Hightech
: Raffinierte Technik unter Tannenwipfeln

Der Computer steuert hochmoderne Schankanlagen in Vesperhütten wie der rustikalen „Tannen-Stub“ in Ödenwald bei Loßburg. Auch die Sternegastronomie hat die Technologie schon erreicht.
Von
Hannes Kuhnert
Loßburg-Ödenwald

Knopfdruck genügt, den Rest macht die Technik (Blick auf das Display der Schankanlage).

Nicht gesetzt

Die rustikale „Tannen-Stub“ ist gewiss nicht der Nabel der Welt. Die Schwarzwälder Tannen-Stub liegt romantisch am Waldrand des Ortsteils Ödenwald, nahe dem ehemaligen Hotel Adrionshof in der Gemeinde Loßburg. In dieser aus mächtigen Baumstämmen gezimmerten Vesperhütte ist – für den Gast kaum sichtbar – hochmoderne Technik versteckt: Ein computergesteuerte Schankanlage, von der Hüttenwirt Bernd Hauser (56) aus Freudenstadt stolz sagt: „Mit der kann ich an einem guten Sonntagnachmittag 1000 Getränke und mehr abfüllen“. Hauser muss es wissen, er hat die Anlage selbst konzipiert und installiert.

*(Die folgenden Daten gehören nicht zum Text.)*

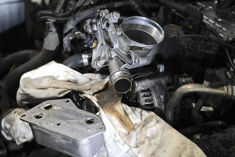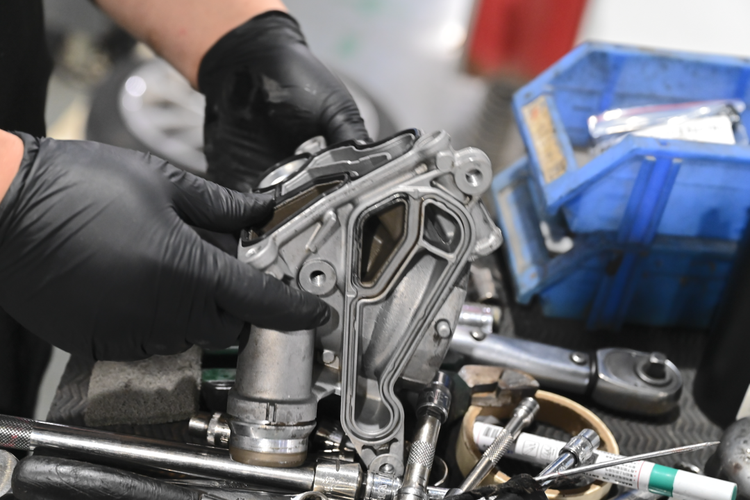 高温加上高油压,这部分的橡胶材质密封圈出现老化见怪不怪了。同理,机油散热器垫也是如此,一并进行更换。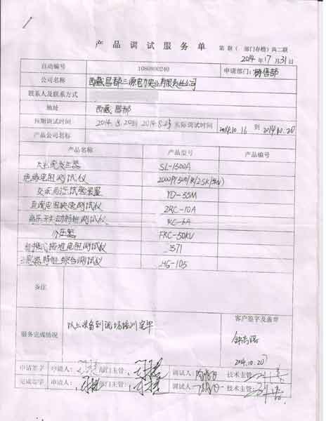 2014-10-20  石家莊誠峰熱電廠進行調試服務,調試產品:
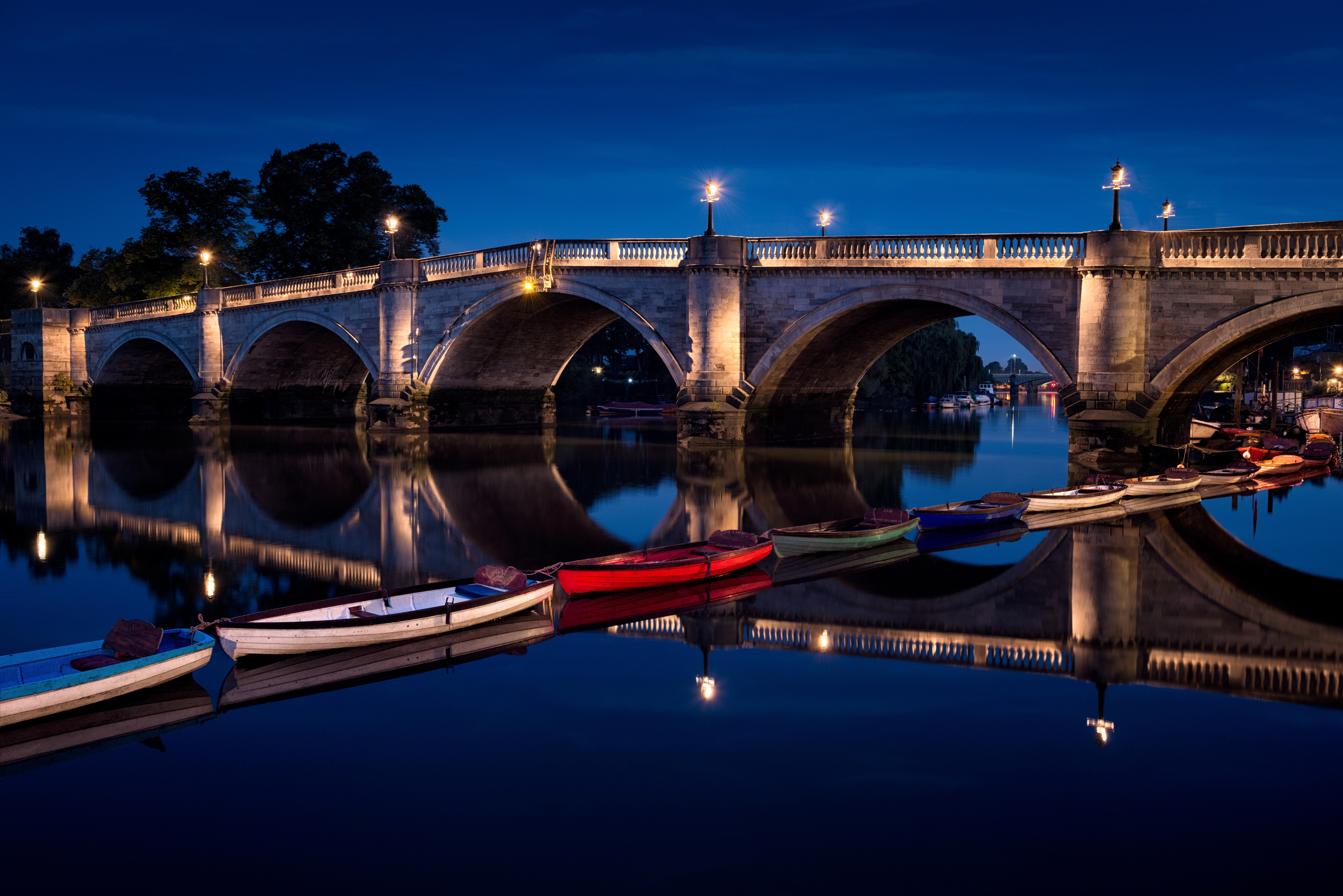 Edytor tapety: Wieczór, Most, Rzeka, Łódki, Wielka Brytania

Gerade in touristisch ausgerichteten Gastronomiebetrieben mit Stoßbetrieb wird eine moderne Schankanlage immer wichtiger, zumal Personal bekanntlich knapp ist. Das trifft vor allem auf die Hütten im Schwarzwald mit starkem Wochenendbetrieb zu. „Im Südschwarzwald gibt es bis hinauf auf den Feldberg wohl kaum eine Hütte mehr ohne eine Anlage“, vermutet Hauser. Der Nordschwarzwald steht dem kaum mehr nach. Dort haben die Computer-Anlagen bereits die Sterne-Hotels erreicht. In Österreich sei man schon zehn Jahre weiter, weiß der Fachmann.

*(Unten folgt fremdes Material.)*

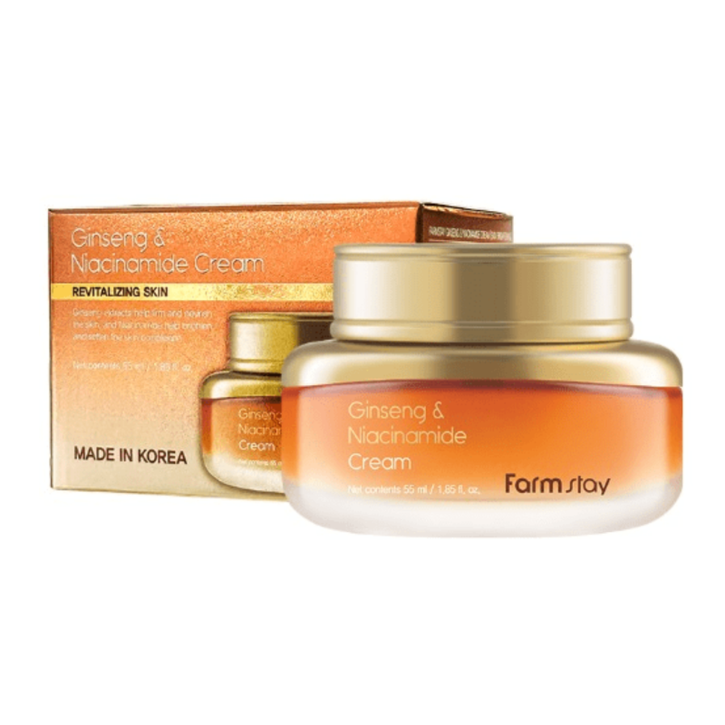 Крем для лица JINSHENG & NIACINAMIDE CREAM - средство мягко корректирует признаки возрастных изменений, восстанавливает энергию уставшей кожи и дарит ей ухоженный и свежий вид. В составе есть экстракт женьшеня, который повышает эластичность, плотность кожи, стимулирует микроциркуляцию и наполняет клетки энергией. Он помогает бороться с оксидантным стрессом и укрепляет естественный защитный барьер. Ниацинамид - выравнивает тон лица, уменьшает пигментацию и следы постакне. Усиливает гидролипидный барьер, укрепляет сосуды и обладает антикуперозным действием. Экстракт алоэ вера - обеспечивает антиоксидантный, антибактериальный и успокаивающий эффект, ускоряет заживление мелких повреждений и тонизирует кожу. Глутатион - осветляет пигментацию, улучшает обмен веществ и микроциркуляцию, способствует выравниванию тона лица. Средство от FARMSTAY возвращает коже молодость, тонус и сияние.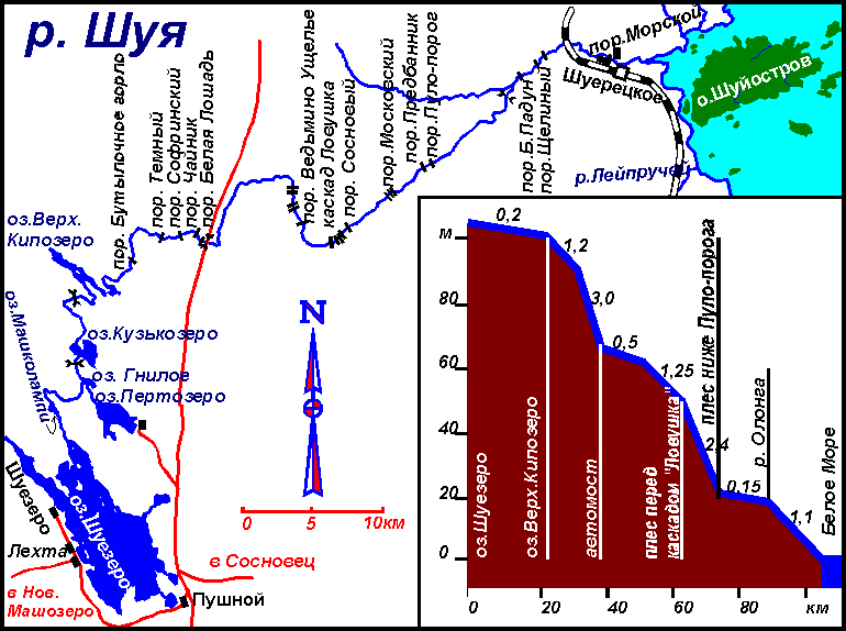 пос.Лехта - оз.Шуезеро - р.Беломорская Шуя - ст.Шуерецкая. 125 км. 8-9 ходовых дней. Кат.сл.-III.

Die Anlage bietet dem Gastronomen zwei entscheidende Vorteile: Sie garantiert jederzeit Übersicht über den Warenein- und -Ausgang, und sie verlangt weniger Personal. Schon deswegen, weil der Schankkellner mit der einen Hand zum Beispiel ein Bier und gleichzeitig mit der anderen Hand ein zweites Getränk zapfen kann. Immer in der genau gewünschten und längst zuvor programmierten Menge. Da die Getränke stets gleich portioniert sind, gehören Schankverluste der Vergangenheit an. Gastronomen kennen den Spruch: „Je größer der Stress, desto voller die Gläser“. Das war einmal. Die Anlagen kennen nun mal keinen Stress – und sie vergessen auch keine Bestellung.

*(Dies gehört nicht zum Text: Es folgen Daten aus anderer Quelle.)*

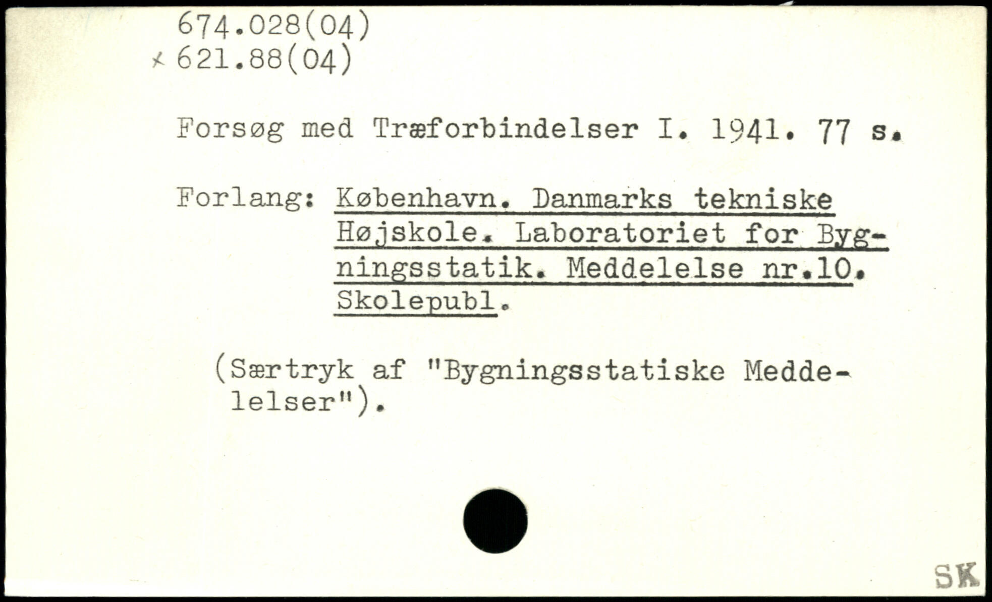 Forsøg med Træforbindelser I. 1941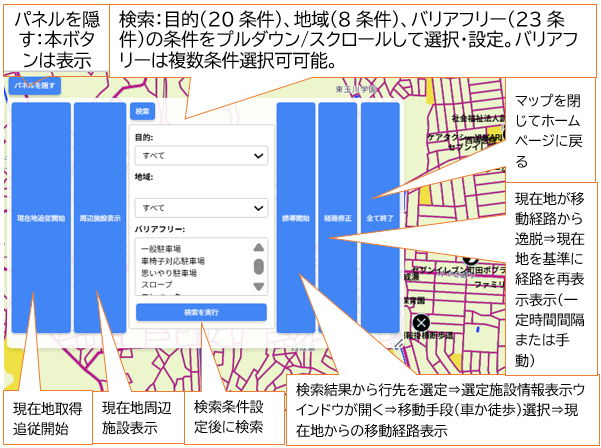 検索:目的(20条件)、地域(8条件)、バリアフリー(23条件)の各条件をプルダウン/スクロールして選択・設定。バリアフリーは複数条件選択可可能。検索条件設定後は、パネル下部の「検索実行」を行う⇒検索条件の合致した施設(マーカー)が表示される。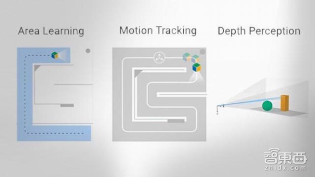 而Project Tango,则是我们下一个话题——谷歌Project Tango(2016年改名为Tango)是一套独特的适配Android设备的摄像机系统,拥有3D深度传感器及配套软件,可以为硬件设备带来空间感知功能——简单来说,可以让移动硬件“看见”周围环境,像人一样知道哪里是墙、哪里是地。其三大核心技术分别为:运动追踪(Motion Tracking),深度感知(Depth Perception)和区块学习(Area Learning),分别让设备能够理解自己的位置和方向、检查周边环境的形状、以及绘图记住周边环境。以AR家装类App为例,只有采集了深度信息,手机才能知道一个3米的沙发模型无法放入2米的空隙中。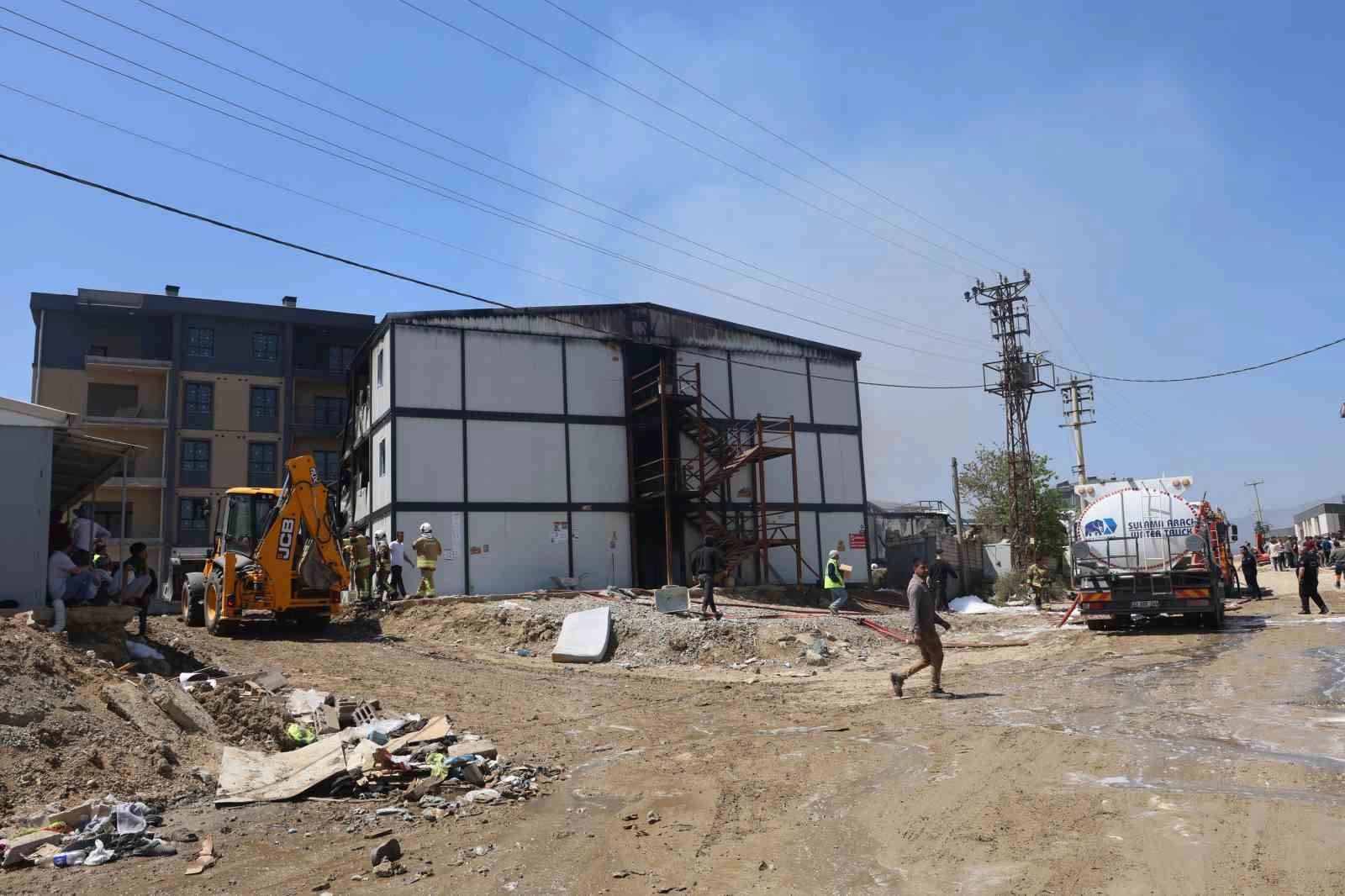 Hatay'da şantiye alanında işçilerin kaldığı konteyner yatakhane alevlere teslim oldu. Yanarak kullanılmaz hale gelen yatakhanede çıkan yangın yaralanma ve can kaybı yaşanmadan söndürüldü.

Bernd Hauser ist von Haus aus Sanitär-Installateur und hat mehr als 30 Jahre Erfahrung in der Gastronomie von der Großküche bis zum Tagesrestaurant. Vor einem guten halben Jahr hat er die „Tannen-Stub“ erworben. Die erste Computer-Schankanlage hat er vor über 20 Jahren im eigenen Betrieb selbst eingebaut. Dort hatte den Bedarf dafür erkannt, aber keine rechte Lösung gefunden. Mit der Zeit entstand eine kleine Firma, die Hauser-Schankanlagen. Seitdem hat Hauser für viele Kollegen Anlagen konzipiert. Erst kürzlich für die neue Hütte auf der Hornisgrinde. Eine Erneuerung der Computer-Schankanlage für den Tübinger Neckarmüller, die immerhin einen Biergarten mit 700 Sitzplätzen versorgen soll, wird vorbereitet. Hauser bedient sich dabei der Einzelteile verschiedener Hersteller von Markenprodukten, die er zu einem Ganzen zusammenstellt, jeweils zugeschnitten auf den Bedarf. „Dabei muss man aufpassen, dass man nicht über das Ziel hinausschießt, um effizient zu bleiben“, meint Hauser. Fachliche Beratung sei alles. Er selbst steht immer wieder mal sonntags hinter einem Schanktisch und testet in der Praxis.

Eine computergesteuerte Schankanlage ist ein Alleskönner, der alles vom Espresso bis zur Soda-Rakete, von Bier und Wein bis zu den verschiedenen Limonadengetränken und den Spirituosen verwaltet und ausschenkt. Die alkoholfreien Limonaden werden als Sirup in Containern geliefert und von der Anlage mit Wasser gemischt. Ein Keller zur Kühlung ist nicht zwingend notwendig. Die Getränke durchlaufen eine Kühlmaschine, die das Cola ebenso richtig temperiert wie den Rotwein. Das Bedienen der Anlage mit bis zu 35 Tasten pro Produkt ist kein Hexenwerk. Auch angelernte Kräfte können nach wenigen Stunden Einführung schnell und zuverlässig damit arbeiten versichert Hauser. Das sei wichtig, „denn bei gutem Wetter ist es nicht schwer, Gäste zu bekommen, sondern es gilt, sie ordentlich zu versorgen“.

Hightech unter Tannen

Die Computerschänke in der „Tannen-Stub“ mag ja etwas überdimensioniert sein, räumt Bernd Hauser ein. Doch er nutzt sie gern als Vorzeigeobjekt für Kollegen aus der Gastronomie, die immer häufiger den Weg nach Loßburg finden. Was muss man bei ihm wohl für ein Getränk bestellen, das der Computer nicht ausgeben kann? Hauser lächelt: „Eine Flasche Champagner“.